SOURCE INFORMATION below:

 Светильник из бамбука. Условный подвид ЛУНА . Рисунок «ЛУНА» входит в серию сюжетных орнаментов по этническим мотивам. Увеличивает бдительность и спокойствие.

End of SOURCE INFORMATION.
SOURCE INFORMATION below:

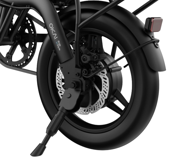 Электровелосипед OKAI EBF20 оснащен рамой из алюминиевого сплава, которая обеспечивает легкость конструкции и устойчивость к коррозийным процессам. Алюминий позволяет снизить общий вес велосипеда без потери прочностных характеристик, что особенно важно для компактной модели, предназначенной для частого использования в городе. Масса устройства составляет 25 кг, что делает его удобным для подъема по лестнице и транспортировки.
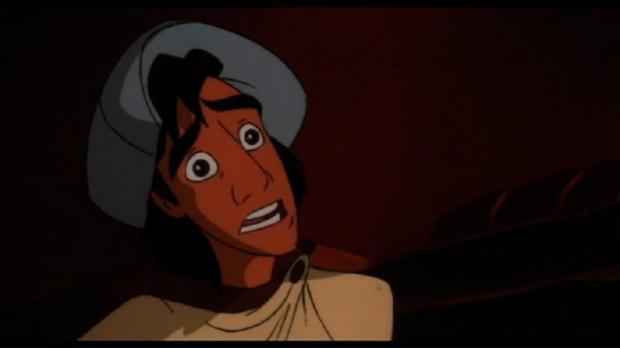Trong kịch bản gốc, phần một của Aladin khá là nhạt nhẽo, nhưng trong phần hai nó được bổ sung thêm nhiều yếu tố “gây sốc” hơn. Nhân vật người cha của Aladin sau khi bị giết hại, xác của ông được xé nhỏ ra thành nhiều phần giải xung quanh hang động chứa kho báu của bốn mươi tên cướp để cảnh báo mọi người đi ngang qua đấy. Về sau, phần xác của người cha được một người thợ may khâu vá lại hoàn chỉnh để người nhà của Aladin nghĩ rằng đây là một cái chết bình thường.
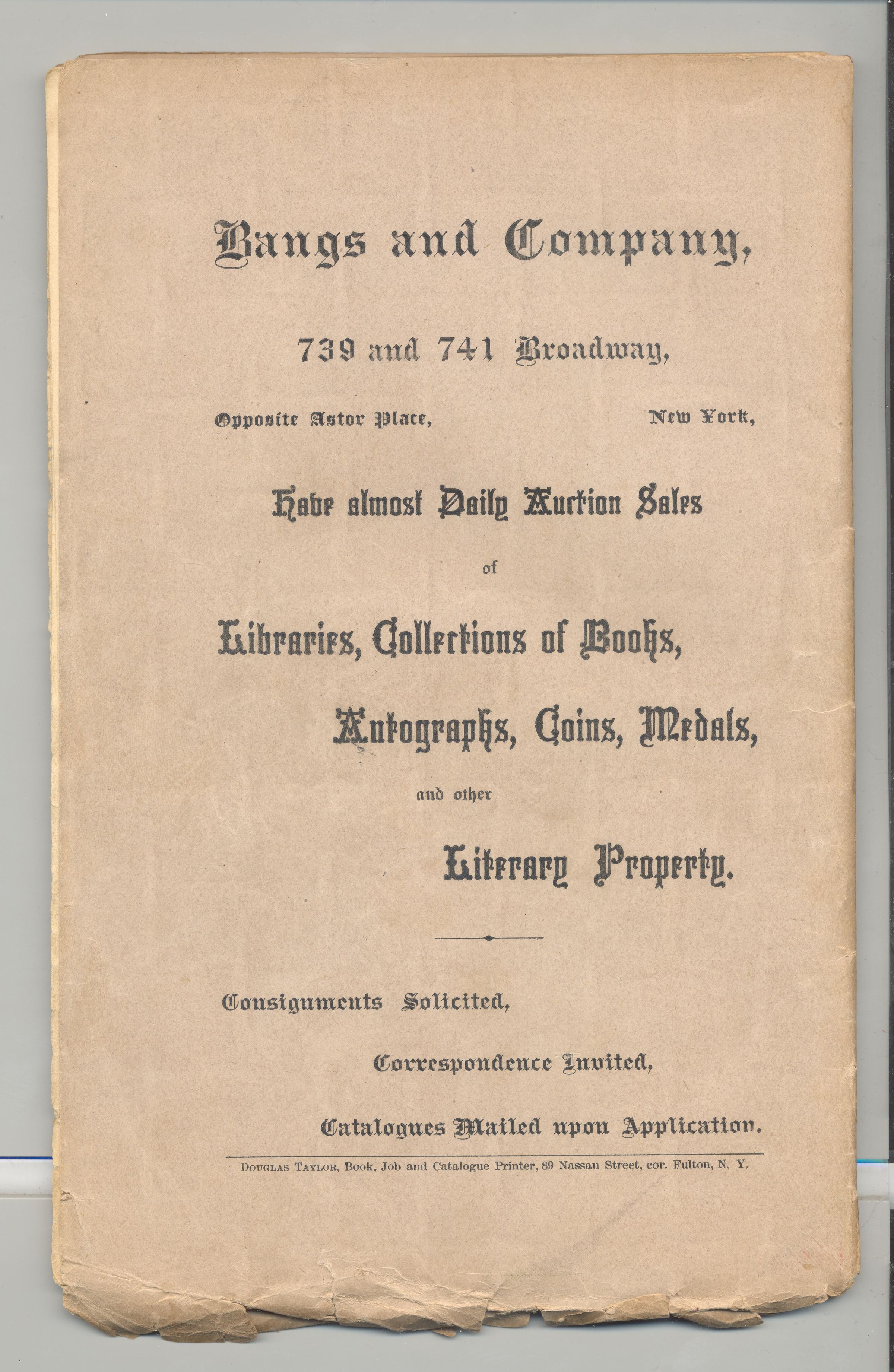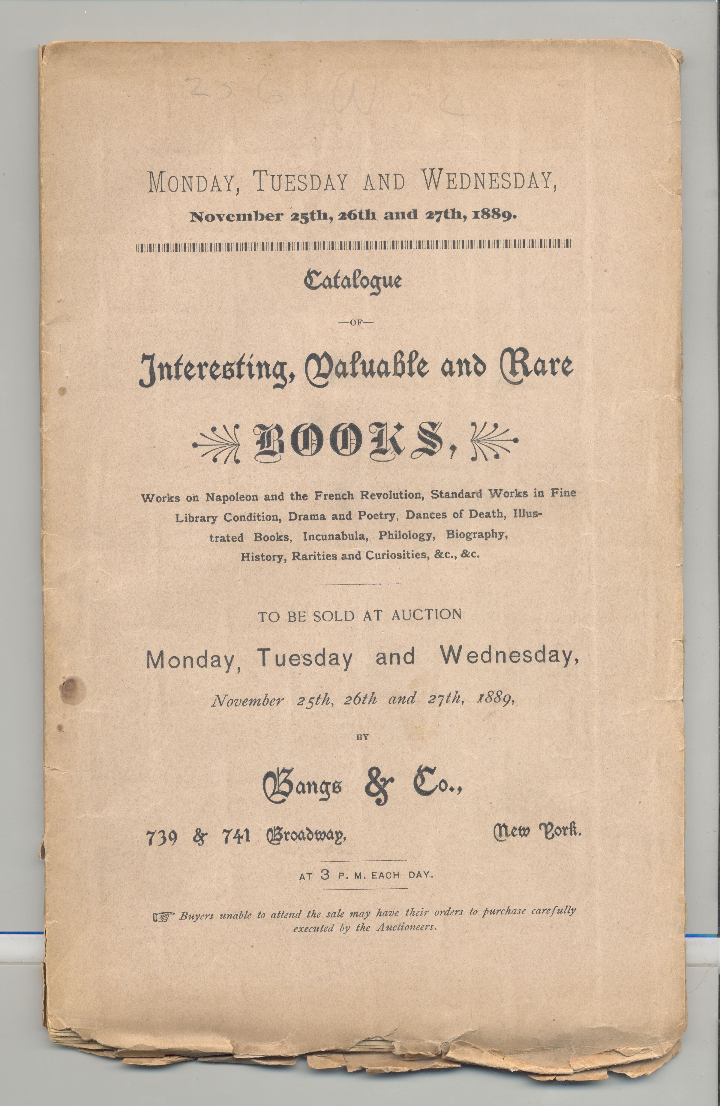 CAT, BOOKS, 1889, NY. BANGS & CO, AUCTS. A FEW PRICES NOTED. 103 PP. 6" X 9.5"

End of SOURCE INFORMATION.

• **EXERCISE**:
For this exercise, transcribe exactly the part of the records above that opens with the line containing "Электровелосипед OKAI EBF20" and closes with the one containing "CAT, BOOKS, 1889, NY.". Pictures are not part of the copy.

• **SOLUTION TO THIS EXERCISE**:
 Электровелосипед OKAI EBF20 оснащен рамой из алюминиевого сплава, которая обеспечивает легкость конструкции и устойчивость к коррозийным процессам. Алюминий позволяет снизить общий вес велосипеда без потери прочностных характеристик, что особенно важно для компактной модели, предназначенной для частого использования в городе. Масса устройства составляет 25 кг, что делает его удобным для подъема по лестнице и транспортировки.
Trong kịch bản gốc, phần một của Aladin khá là nhạt nhẽo, nhưng trong phần hai nó được bổ sung thêm nhiều yếu tố “gây sốc” hơn. Nhân vật người cha của Aladin sau khi bị giết hại, xác của ông được xé nhỏ ra thành nhiều phần giải xung quanh hang động chứa kho báu của bốn mươi tên cướp để cảnh báo mọi người đi ngang qua đấy. Về sau, phần xác của người cha được một người thợ may khâu vá lại hoàn chỉnh để người nhà của Aladin nghĩ rằng đây là một cái chết bình thường.
 CAT, BOOKS, 1889, NY. BANGS & CO, AUCTS. A FEW PRICES NOTED. 103 PP. 6" X 9.5"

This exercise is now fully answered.